November 2009 home page


We Get What We Train For
Guest Editorial by Dwight Worden | Seaview Avenue

Del Mar is a great city, with wonderful residential areas and an attractive downtown. This didn’t happen by accident or by luck. It was Del Mar’s strong history of careful development review by knowledgeable Planning Commission and Design Review Board members who have assured that Del Mar retains its quality and uniqueness.

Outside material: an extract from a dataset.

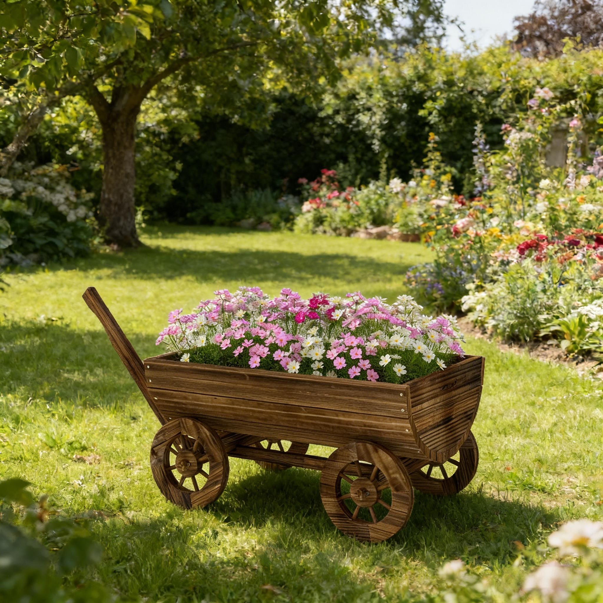 Vintage Wagon Garden Planter with Rolling Wheels for Flower, Vegetable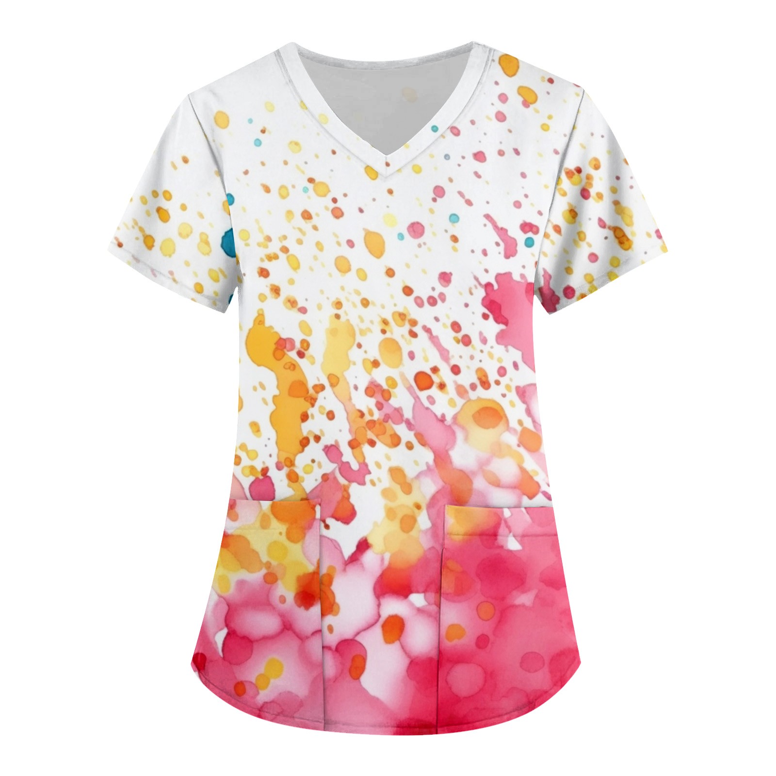 Hero image 0 of ADSSDQ Fun Scrub Tops Women Color Dots Printed Srcubs Tops Stretch Plus Size Short Sleeve V-Neck Working Nurse Uniform with Pockets Hot Pink L, 0 of 3

But, as the saying goes, the quality of what comes out is only as good as the quality that goes in. Volunteers serve on the Planning Commission and DRB and the quality of their work depends in large part on the quality of the training and support they receive to do a good job. So, let’s take a quick look at what kind of training they should receive and why it is important. PC and DRB members need training on at least the following:

Community Plan, Design Review Ordinance, and City Code: Basic familiarity with these governing documents is essential, as is an understanding of the limits these documents impose on PC and DRB members. Service on the PC and DRB is not an opportunity for anyone to impose their personal aesthetic standards, rather it is an opportunity to faithfully enforce the requirements of the Community Plan, Design Review Ordinance and other Code requirements, such as zoning, subdivision, land conservation, etc.

How to Read and Understand Plans: Plans, diagrams, schematics, grading plans, elevations, aerials, view analyses, working drawings, etc. are key documents that are prepared by applicants to the Planning Commission and DRB. Basic training in how to read and interpret these documents is essential.

When and How to do a good Site Visit: Although site visits are less frequent for Planning Commissioners than for DRB members, all should be trained as to when they are appropriate (sometimes they are precluded by rules of evidence). Training should include how to do a site visit and how to report back to the PC or DRB after a site visit.

Brown Act and Conflict of Interest Laws: A basic knowledge of the sometimes complex rules governing open meetings and conflict of interest is important to assure that the review process is fair and complies with the law so that neither the individual nor the City finds itself in a legal predicament, and so that all applicants and opponents get a fair hearing.

Roberts Rules and Meeting Procedures: A general understanding of the rules governing the conduct of meetings is important so that PC and DRB members know how to run a good meeting that is fair to all concerned parties.

Familiarity with Del Mar: All who serve on the PC and DRB should get an orientation as to the various neighborhoods and areas of Del Mar, complete with a description of major projects in the works.

We are fortunate to have so many intelligent and dedicated volunteers willing to serve on the Planning Commission and Design Review. It would cost a fortune to hire the kind of talent that Del Mar is routinely able to recruit in volunteers. Let’s be sure that, as a City, we give them the support and training they need to do the very best job that Del Mar has come to expect.

*Dwight Worden served as City Attorney for Del Mar from 1977-83, and was co-author of a booklet published by the League of California Cites used for training Planning Commissioners and others involved in the development review process.